Ask HN: What do you listen to when you code? - kreeWall
Individual songs, playlists, artists, all suggestions welcome!
======
Bahamut
Generally power metal here - Nightwish, Blind Guardian, Helloween, Gamma Ray,
Angra, Edguy, HammerFall, Manowar, Kamelot, older Sonata Arctica, Demons &
Wizards, etc.

Sometimes I'll venture into some female-fronted metal bands like Within
Temptation or Delain too.

Regular heavy metal also is always fine - Iron Maiden, Judas Priest, some Dio.

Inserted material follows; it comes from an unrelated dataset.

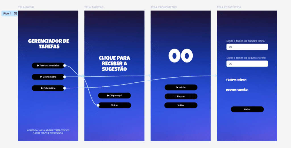Aprender a usar o Figma é um passo fundamental para quem deseja criar aplicações, porque permite planejar e visualizar as telas antes de começar a programar. Ao desenvolver este protótipo do Gerenciador de Tarefas, você organizou a estrutura do app, definiu as funcionalidades principais (tarefas aleatórias, cronômetro e estatística) e montou um fluxo de navegação claro entre as telas. Com isso, fica muito mais fácil transformar a ideia em código depois, já que o protótipo funciona como um guia visual do que o programa precisa fazer e de como o usuário vai interagir com ele.

Dream Theater is also quite a great progressive metal band, as well as their
side project Liquid Tension Experiment.

Some solo guitarists make some great stuff - one of my personal favorites is
Kiko Loureiro (Angra, Megadeth).

As far as non-metal artists I'll listen to while coding, one of my favorites
is Gary Moore - he was an extraordinarily prolific artist, one of the most
genre spanning more mainstream artists I listen to. I also like listening to
Kate Bush as well.

I've listened to music of a lot of different genres too outside those whose
artists I have listed - this might not work for everyone though. If I'm
listening to something I like, I'm happy and generally avoid being distracted.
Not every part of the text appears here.